Promo menarik pada undian Data SGP 2020 – 2021.

Merdeka.com – Badan Pengawas Pemilihan Umum (Bawaslu) Provinsi Jawa Barat (Jabar) menemukan sejumlah masalah dalam pelaksanaan pemilihan kepala daerah (Pilkada) serentak 2020. Di antara masalah yang ditemukan adalah dugaan politik uang yang dilakukan pasangan calon.

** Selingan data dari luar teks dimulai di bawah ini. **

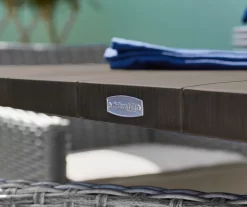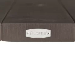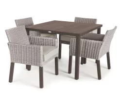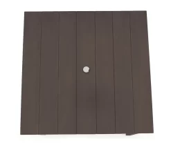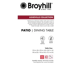 Gather outdoors for conversation and delicious meals around the Asheville dining table by Broyhill. The square shape table features a powder-coated steel frame hand painted to look like wood with a slat-style top. Complete with a convenient umbrella hole for shading your favorite spot, this dining table is an elevated addition to a patio or deck.

Koordinator Pengawasan Bawaslu Jabar, Zaki Hilmi menyebut bahwa sejak Selasa (8/12) malam, pihaknya melakukan pendalaman adanya dugaan pelanggaran politik uang di Kabupaten Indramayu. Setidaknya, ada dua laporan politik uang di wilayah tersebut.

“Kita sudah melakukan antisipasi dan memperkirakan dalam indeks kerawanan Pemilu, salah satunya yang berpotensi muncul adalah politik uang. Karenanya, kita lakukan patroli untuk antisipasi dan melakukan penanganan pelanggaran,” kata dia saat melakukan pemantauan Pilkada di Kabupaten Tasikmalaya, Rabu (9/12).

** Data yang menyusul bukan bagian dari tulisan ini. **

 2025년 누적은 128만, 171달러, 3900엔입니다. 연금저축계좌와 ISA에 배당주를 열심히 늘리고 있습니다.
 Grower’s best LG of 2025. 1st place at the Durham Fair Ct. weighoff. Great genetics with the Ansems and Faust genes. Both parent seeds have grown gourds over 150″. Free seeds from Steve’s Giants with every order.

Selain di Kabupaten Indramayu, masalah dalam Pilkada pun terjadi di Kabupaten Karawang, yaitu laporan tidak maksimalnya pendistribusian formulir C pemberitahuan kepada masyarakat. Di Kabupaten Pangandaran, pihaknya menerima laporan alat pengukur suhu yang diterima KPU tidak berfungsi.

“Di sana thermogun merupakan hibah dari pemda,” ungkapnya.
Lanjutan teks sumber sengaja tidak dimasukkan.